With a bigger light like the GT you go from 2 x 26650 to 8 x 18650 so it can pull a bit more amperage due to less voltage sag. Instead of 19 amp it can in theory do 21 or 22 amps. Because the output curve of the 70.2 as nearly maxed out, you only see a tiny bit more of output.

So it’s possible to get more output. Especially between a med size light and a big light. For example if my L6 drew 15A and a GT drew 19A. Then you might see a bigger jump in output.

As far as calibrating a Lumen Tube, you need a proper reference source. Every Led varies in output even with the same bin and you don’t always know the details of how it was measured in the first place.

So based on a Maukka calibration source, your 8.5K and 10.5K are way too high. Even for a raw led.

Thanks for the explanation JasonWW.
I also have Maukka calibrated lights and 3 different lumen tubes. The problem I’m having is with big lights that are reading low in all 3.

For example I tested a MT09R at 29.8 amps in a 6 inch tube calibrated with Maukka calibrated lights it checked 14500 lumens. Should that number be around 22K to 25K ? it will burn paper and it has a TA driver.

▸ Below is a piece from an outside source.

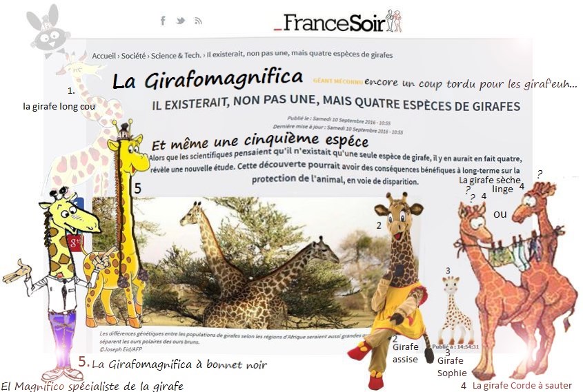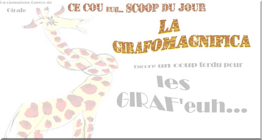 Le Cou euh... SCOOP du Jour. Les scientifiques estimaient jusqu'à présent, qu'il existait une seule espèce de girafe (Giraffa camelopardalis). Et bien c'est faux, Il en existe au moins quatre… Plus UNE que le grand et sublime El Magnifico spécialiste de la giraf'euh... vous présente aujourd'hui. "La GIRAFOMAGNIFICA" (la Giraffa fégaf au bôlongbonnédeuh'pariis) ---Info pour être au cou euh au courant sur les différentes espèces de girafes--- 1.La girafe classique à long cou 2. La girafe assise, 3.La girafe Sophie, 4.La girafe sèche-linge ou corde à sauter (en période de reproduction) 5. Et bien-sûr La" Girafomagnifica " Espéce d'euh ... Rare par son bonnet à longues tresses. ---Con eu... plément--- *L'étude, dont les résultats sont parus dans la revue scientifique Current Biology, s'appuie sur l'analyse de l'ADN de plus d'une centaine de girafes. «Nous avons étudié les liens génétiques de tous les sous-groupes de girafes sur l'ensemble du continent africain et nous avons découvert qu'il existait non pas un mais au moins quatre groupes très distincts génétiquement qui, apparemment, ne se reproduisent pas entre eux», explique le professeur Axel Janke, chercheur à l'Université Goethe de Francfort en Allemagne.
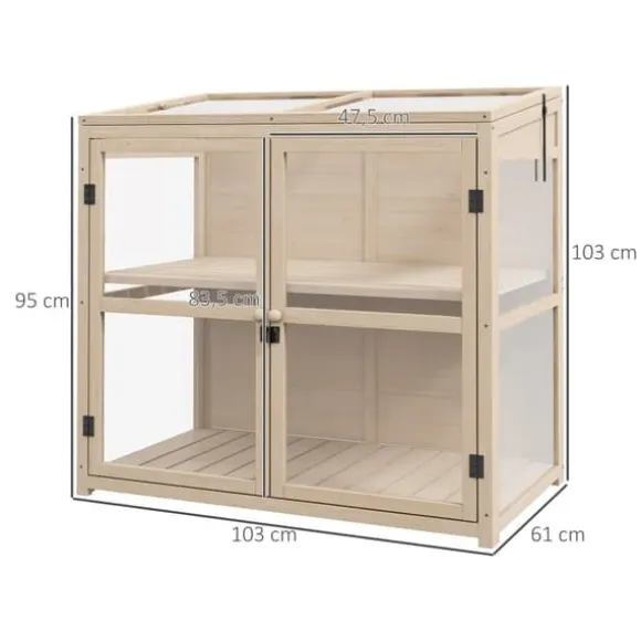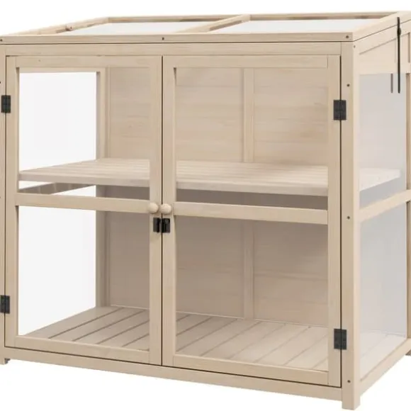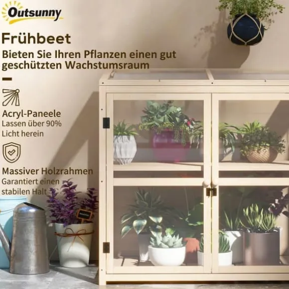 – Trädhus: Detta växthus av naturligt trä och akryl med en ljusgenomsläpplighet på mer än 90 % ser till att dina växter frodas i ett väl upplyst och skyddat odlingsutrymme.

My 8 inch lumen tube is calibrated with a MT07S with a xhp 35 HI @ 2700 lumens. It reads 24K lumens on the MT09R but also gives 9800 lumens on another light that should be around 8600 lumens. The 6 inch tube is ok for less than 2K from what I’m seeing. Maybe the various beam patterns is the problem. :weary:

I still think your numbers are low. ~20A in 6V XHP70.2 should be getting close to 7000 lumens, especially on a cold start. There are losses for “OTF lumens” but I wouldn’t expect it to be over 15%

According to who? Why do you think this?

I think most OTF losses are between 25 and 35 percent.

You should ask TA. He tested these same lights so he has a good database.